Posted in Books, pictures, Statistics, Travel with tags , , , , , , , , , , , , , , , , , , , , on July 28, 2023 by xi'an

Probabilistic numerics: Computation as machine learning is a 2022 book by Philipp Henning, Michael Osborne, and Hans Kersting that was sent to me by CUP (upon my request and almost free of charge, as I had to pay custom charges, thanks to Brexit!). With the important message of bringing statistical tools to numerics. I remember Persi Diaconis calling for (such) actions in the 1980’s (and even reading a paper of his on the topic along with George Casella in Ithaca while waiting for his car to get serviced!).

From a purely aesthetic view point, the book reads well, offers a beautiful cover and sells for a quite reasonable price for an academic book.

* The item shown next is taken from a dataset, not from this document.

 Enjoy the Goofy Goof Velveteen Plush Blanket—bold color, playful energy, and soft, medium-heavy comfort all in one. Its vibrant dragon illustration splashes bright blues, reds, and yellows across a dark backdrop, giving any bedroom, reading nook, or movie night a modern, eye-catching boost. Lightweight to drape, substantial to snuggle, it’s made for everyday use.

Plus it is associated with a website containing draft version of the book. Code, links to courses, research, conferences are also available there. Just a side remark that it enjoys very wide margins that may have encouraged an inflation of footnotes (but also exercises). Except when formulas get in the way (as e.g. on p.40).

The figure below is an excerpt from the introduction that sets the scene of probabilistic numerics involving algorithms as agents, gathering data and making decisions, with an obvious analogy with standard Bayesian decision theory. Modelling uncertainty missing from the picture (if not from the book, as explained later by the authors as an argument against attaching the label Bayesian to the field). Also referring to Henri Poincaré for the origination of the prior vs posterior uncertainty about a mathematical quantity. Followed by early works from the Russian school of probability, somewhat ignored until the machine-learning revolution and a 2012 NIPS workshop organised by the authors. (I participated to a follow-up workshop at NIPS 2015.)

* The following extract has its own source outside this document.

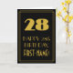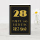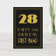 Este diseño inspirado en la época de los locos años 2000 y con un aspecto vintage/retro de tarjetas de felicitación con temática de cumpleaños cuenta con un gran estilo Art Deco inspirado en el número "28", el mensaje "FELIZ 28º CUMPLEAÑOS", un nombre editable, y un patrón de borde formado por líneas delgadas en el frente. El frente tiene un fondo de color negro. El interior tiene un mensaje de saludo de cumpleaños modificable, o tal vez podría ser borrado y dejado en blanco si se va a escribir un mensaje a mano. Una tarjeta de felicitación personalizada de cumpleaños como esta podría ser una manera divertida de enviar saludos de cumpleaños a alguien que está celebrando su 28 cumpleaños. [~Z0000499]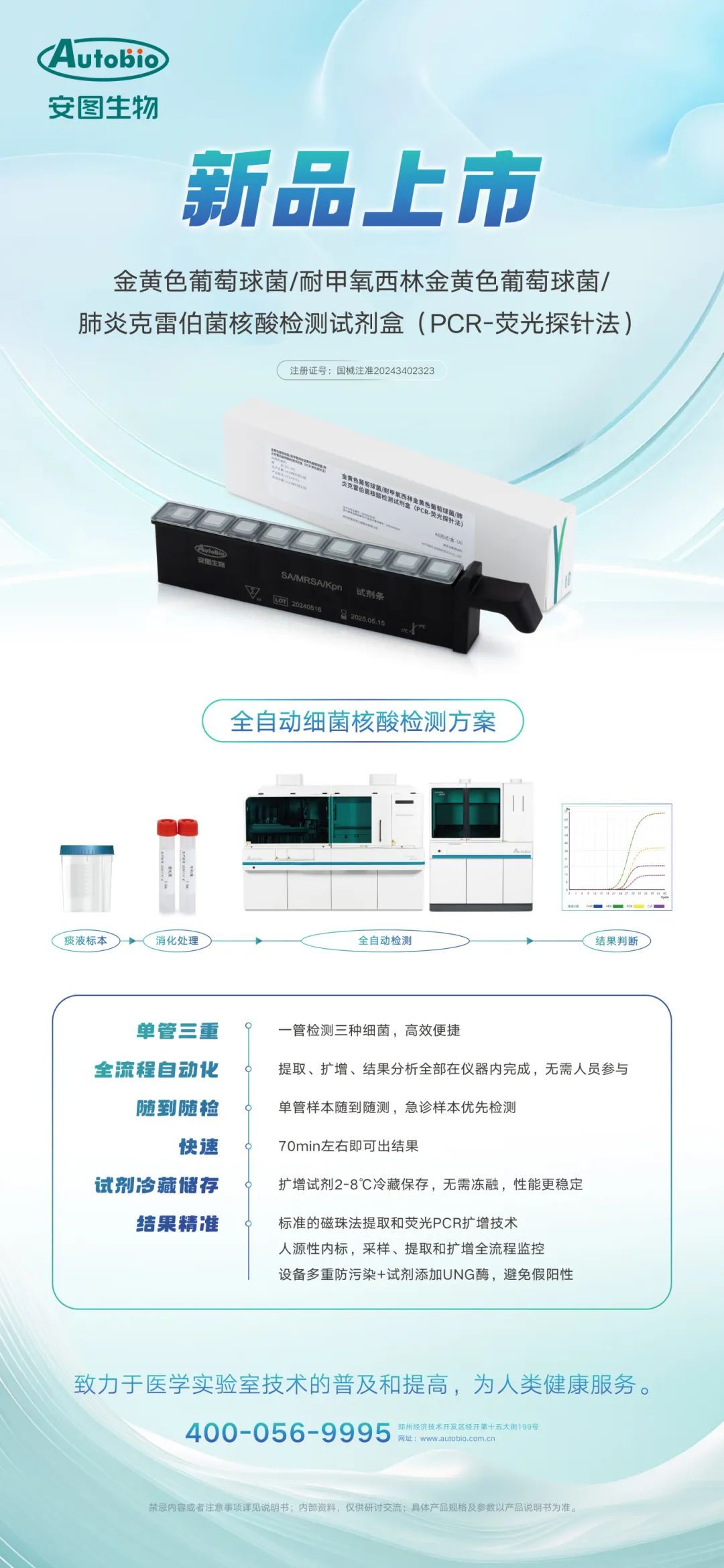 呼吸道感染病原菌种类复杂,感染形式多样,耐药菌和混合感染的挑战使得快速精准的病原学诊断显得尤为重要。传统的细菌核酸检测流程复杂,且需要前期攒样,无法满足随时、随机检测的需求。因此,安图生物推出了基于荧光PCR检测技术的金黄色葡萄球菌/耐甲氧西林金黄色葡萄球菌/肺炎克雷伯菌核酸检测试剂盒。该产品具有高灵敏度和高特异度,可提升细菌阳性检出率,指导临床精准诊疗。此外,该款试剂可搭载安图全自动化核酸检测设备,做到随来随测,快速精准,最大程度提升了实验室核酸检测的效率。

In this nicely written section, I have an objection to the authors’ argument that a frequentist, as opposed to a Bayesian, “has the loss function in mind from the outset” (p.9), since the loss function is logically inseparable from the prior and considered from the onset. I also like very much the conclusion to that introduction, namely that the main messages (from the book) are that (verbatim)

  • classical methods are probabilist (p.10)
  • numerical methods are autonomous agents (p.11)
  • numerics should not be random (if not a rejection of the concept of Monte Carlo methods, p.1, but probabilistic numerics being opposed to stochastic numerics, p.67)
  • numerics must report calibrated uncertainty (p.12)
  • imprecise computation is to be embraced (p.12)
  • probabilistic numerics consolidates numerical computation and statistical inference (p.13)
  • probabilistic numerical algorithms are already adding value (p.13)
  • pipelines of computation demand harmonisation

“Is it still reasonable to labour under computational constraints conceived in the 1940s?” (p.113)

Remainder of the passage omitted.